--- Exercise data ---
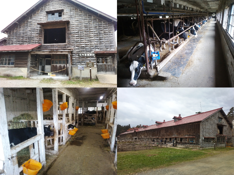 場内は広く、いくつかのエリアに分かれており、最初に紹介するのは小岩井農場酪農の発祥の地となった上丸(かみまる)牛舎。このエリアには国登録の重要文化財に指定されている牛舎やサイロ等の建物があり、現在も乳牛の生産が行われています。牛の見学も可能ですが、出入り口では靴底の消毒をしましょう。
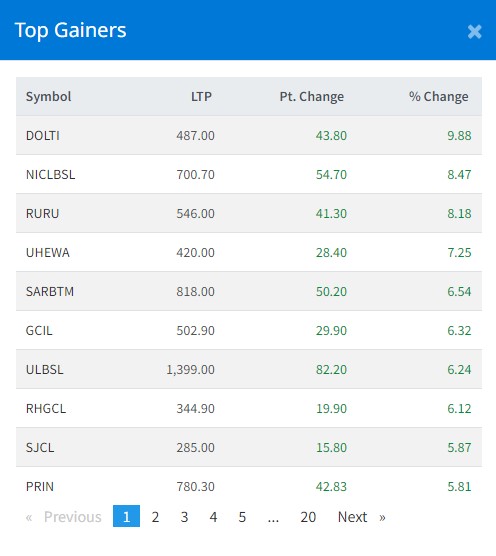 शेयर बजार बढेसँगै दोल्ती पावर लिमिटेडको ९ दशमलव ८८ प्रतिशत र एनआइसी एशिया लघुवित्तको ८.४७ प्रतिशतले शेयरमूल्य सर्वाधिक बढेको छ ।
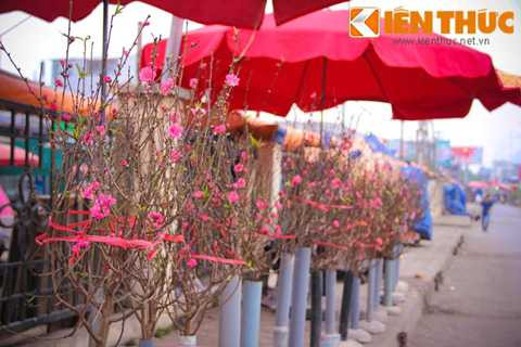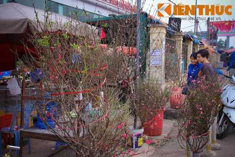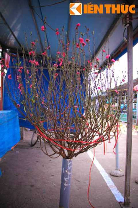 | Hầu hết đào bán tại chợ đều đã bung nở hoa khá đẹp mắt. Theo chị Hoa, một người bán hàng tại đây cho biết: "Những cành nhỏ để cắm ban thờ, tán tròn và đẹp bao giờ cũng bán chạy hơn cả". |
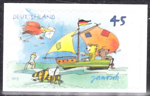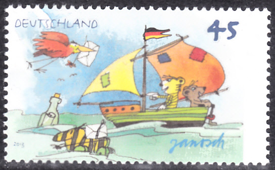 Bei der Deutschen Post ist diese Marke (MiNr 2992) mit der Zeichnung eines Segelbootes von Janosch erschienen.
---
--- Exercise data ---
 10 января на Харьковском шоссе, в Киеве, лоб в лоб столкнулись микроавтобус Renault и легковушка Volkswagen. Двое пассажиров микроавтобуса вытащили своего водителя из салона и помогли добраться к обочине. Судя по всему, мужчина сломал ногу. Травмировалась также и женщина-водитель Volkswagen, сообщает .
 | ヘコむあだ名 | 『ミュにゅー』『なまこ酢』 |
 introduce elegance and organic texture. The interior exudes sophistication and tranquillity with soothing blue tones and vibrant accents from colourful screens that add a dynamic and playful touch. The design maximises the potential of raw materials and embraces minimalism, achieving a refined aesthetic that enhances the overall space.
---
Exercise instructions
Return, exactly as they stand, the lines above from the one with "場内は広く、いくつかのエリア" to the one with "शेयर बजार बढेसँगै", omitting any pictures among them.

Solution to this problem
 場内は広く、いくつかのエリアに分かれており、最初に紹介するのは小岩井農場酪農の発祥の地となった上丸(かみまる)牛舎。このエリアには国登録の重要文化財に指定されている牛舎やサイロ等の建物があり、現在も乳牛の生産が行われています。牛の見学も可能ですが、出入り口では靴底の消毒をしましょう。
 शेयर बजार बढेसँगै दोल्ती पावर लिमिटेडको ९ दशमलव ८८ प्रतिशत र एनआइसी एशिया लघुवित्तको ८.४७ प्रतिशतले शेयरमूल्य सर्वाधिक बढेको छ ।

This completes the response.